← Ascendy 한국어

backend

Only one model kept 404'ing — a preview-alias time bomb meets branch asymmetry

· Ascendy Engineering


TL;DR

Background — why does only one die

We had an agent chat that picks among several LLM providers. But one model — only that one — 404’d every time you picked it. The rest worked fine.

Only one model fails” is itself a strong clue. If the shared path (auth, network, request format) were broken, usually everything breaks. One breaking alone means that model takes a different branch.

Cause 1 — branch asymmetry (fall-through)
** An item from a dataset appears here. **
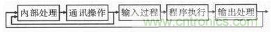 在延遲控制中,傳統(tǒng)的繼電器控制技術(shù)依靠設(shè)備的滯后性實現(xiàn),定時精度較差,在操作時不易調(diào)整時間。而PLC監(jiān)視控制是時鐘脈沖由晶體振蕩器引起的,可操控時間,且精度較高。PLC控制雖與微電腦技術(shù)相似,但工作方式卻不同。PLC技術(shù)采用循環(huán)掃描,而微機則采用鍵盤掃描,圖1是PLC技術(shù)的工作掃描方式。
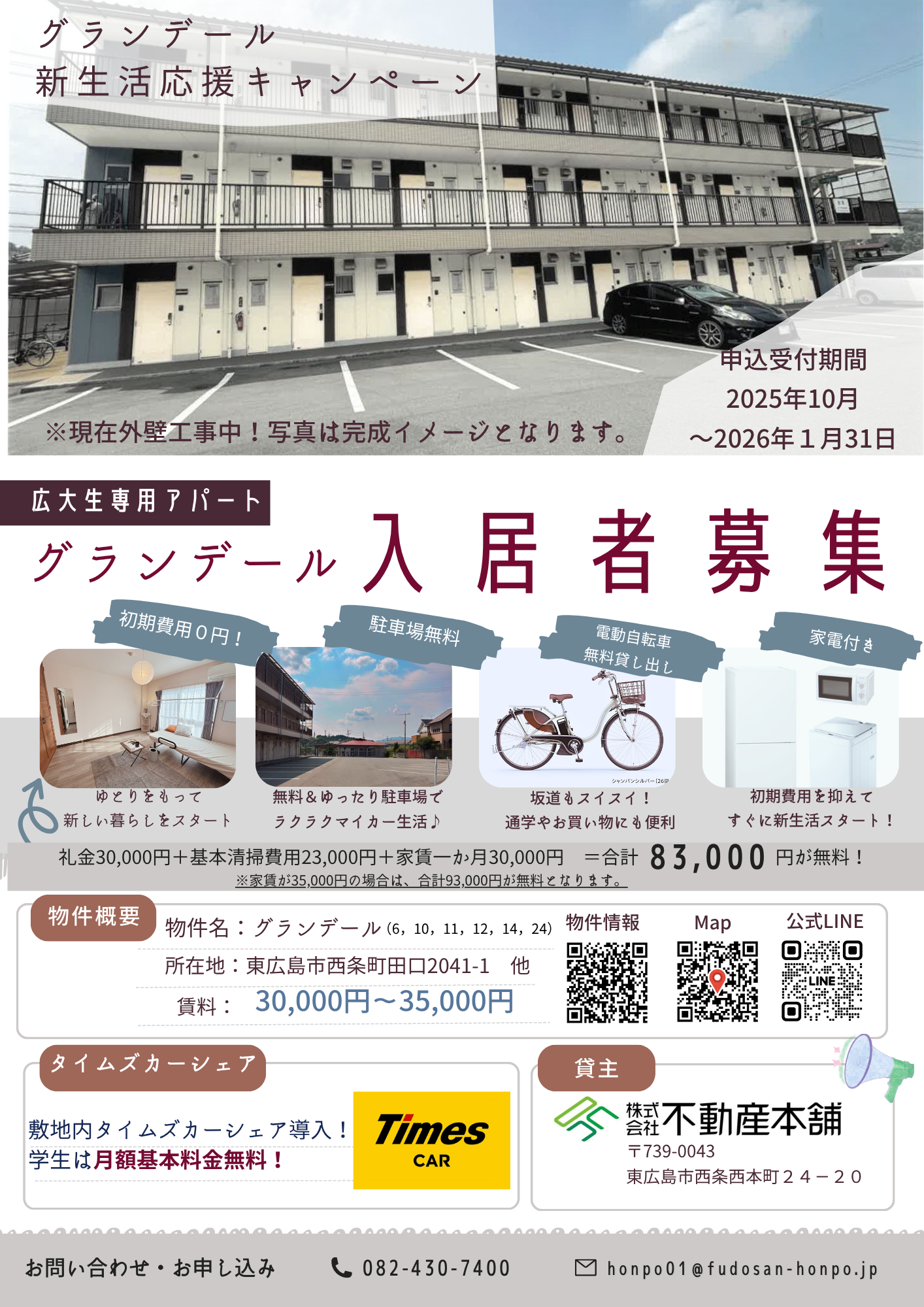 広大生専用アパート≪グランデール≫キャンペーンのお知らせ

The culprit was in the routing. The runtime model-selection middleware explicitly mapped a client only for some providers; the problematic one had no mapping. It returned None, which fell through — with no override — to the agent’s base model.

# Branch asymmetry: some providers explicitly mapped, the rest → None → base model
def _resolve_client(model_name: str):
    if model_name in PROVIDER_A_ALIASES:
        return client_a
    if model_name in PROVIDER_B_ALIASES:
        return client_b
    if model_name in PROVIDER_C_ALIASES:
        return client_c
    return None  # an unmapped provider → None → falls through to the agent's base model

The other providers were explicitly mapped, so they went safely to their own client. Only the one missing a mapping was exposed directly to the base model id — and that base id was the problem.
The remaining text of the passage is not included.